Try it: Exactly as written, copy every line from the one containing "Mit der digitalen" through the end of the records, with the pictures left out.

+===+

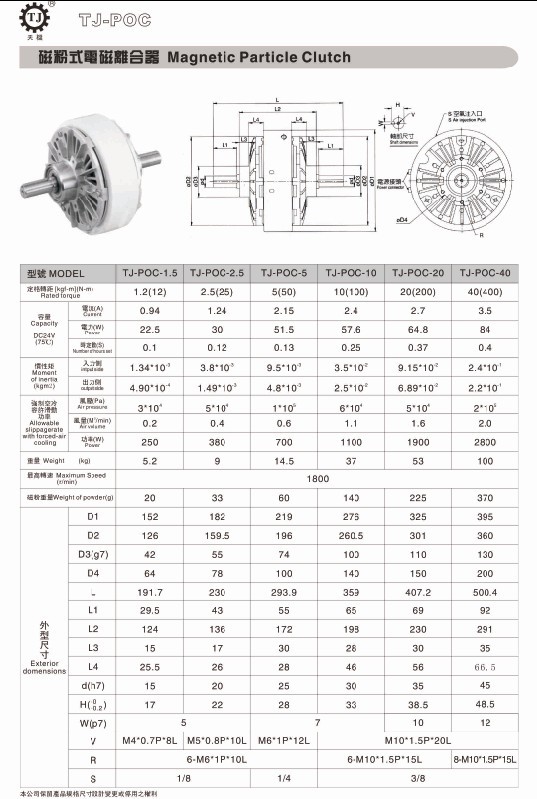 天機(jī)TJ-POC電磁式磁粉剎車器尺寸規(guī)格如下:
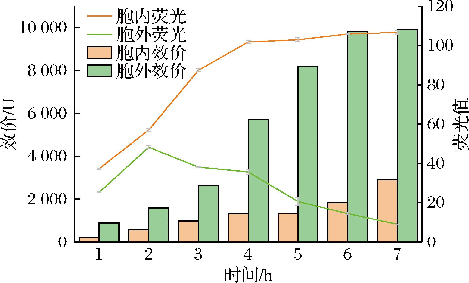 2.2.4 SF/pPR-N1-space-eGFP菌株摇瓶发酵过程中荧光强度及效价分析
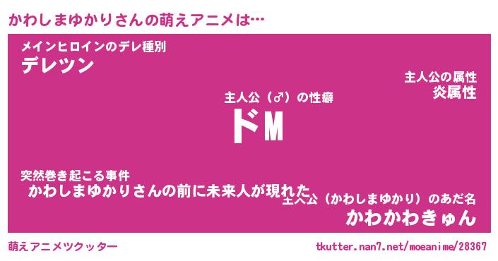 | 男性向けラノベタイトル風あだ名 | 『かわしまゆかりの憂鬱』 |
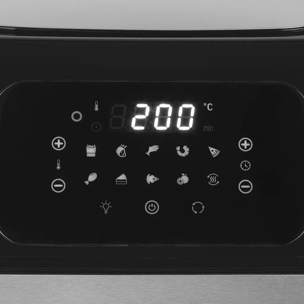 Mit der digitalen Heißluft-Fritteuse XL von GOURMETmaxx Frittieren, Braten, Grillen, Backen, Rösten, Dörren, Gratinieren und Erhitzen Sie in einer neuen Dimension! Auch zum Auftauen und Warmhalten eignet sich das moderne Multitalent. Die clevere Kombination aus schnell zirkulierender heißer Luft und einem Heizelement gart Ihre Lieblingsspeisen nicht nur extra schnell und schonend, sondern benötigt auch deutlich weniger Energie und Fett als herkömmliche Geräte. So können Sie jetzt knusprige Pommes frites, leckere Snacks, saftiges Fleisch u.v.m. fettarm und mit minimalem Aufwand genießen.
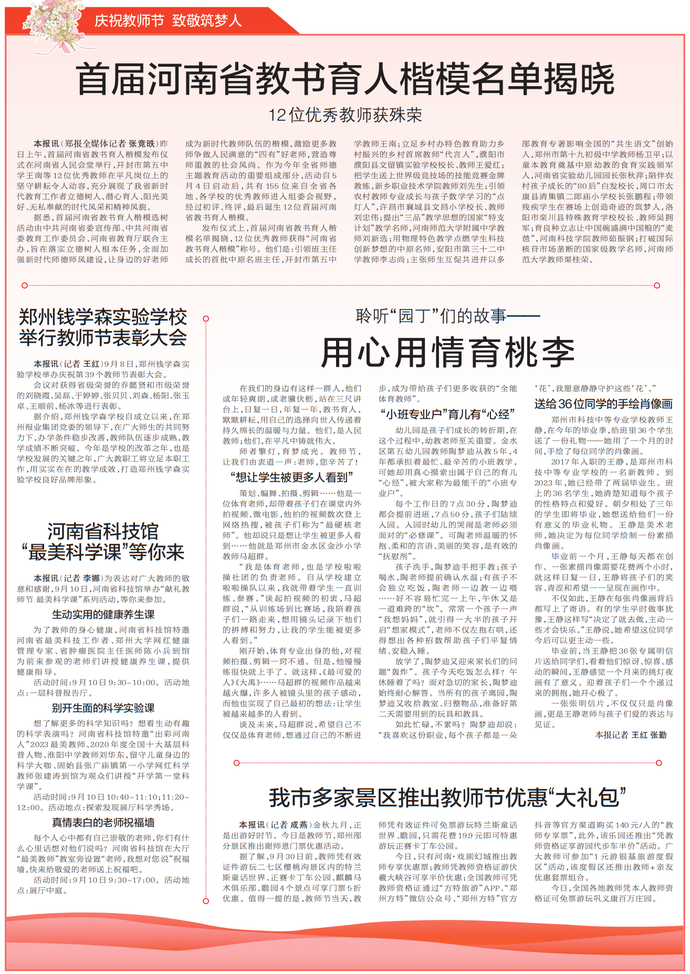 金秋九月,正是出游好时节。今日是教师节,郑州部分景区推出谢师恩门票优惠活动。(今日《郑州日报》2版)

+===+

Answer for this exercise:
 Mit der digitalen Heißluft-Fritteuse XL von GOURMETmaxx Frittieren, Braten, Grillen, Backen, Rösten, Dörren, Gratinieren und Erhitzen Sie in einer neuen Dimension! Auch zum Auftauen und Warmhalten eignet sich das moderne Multitalent. Die clevere Kombination aus schnell zirkulierender heißer Luft und einem Heizelement gart Ihre Lieblingsspeisen nicht nur extra schnell und schonend, sondern benötigt auch deutlich weniger Energie und Fett als herkömmliche Geräte. So können Sie jetzt knusprige Pommes frites, leckere Snacks, saftiges Fleisch u.v.m. fettarm und mit minimalem Aufwand genießen.
 金秋九月,正是出游好时节。今日是教师节,郑州部分景区推出谢师恩门票优惠活动。(今日《郑州日报》2版)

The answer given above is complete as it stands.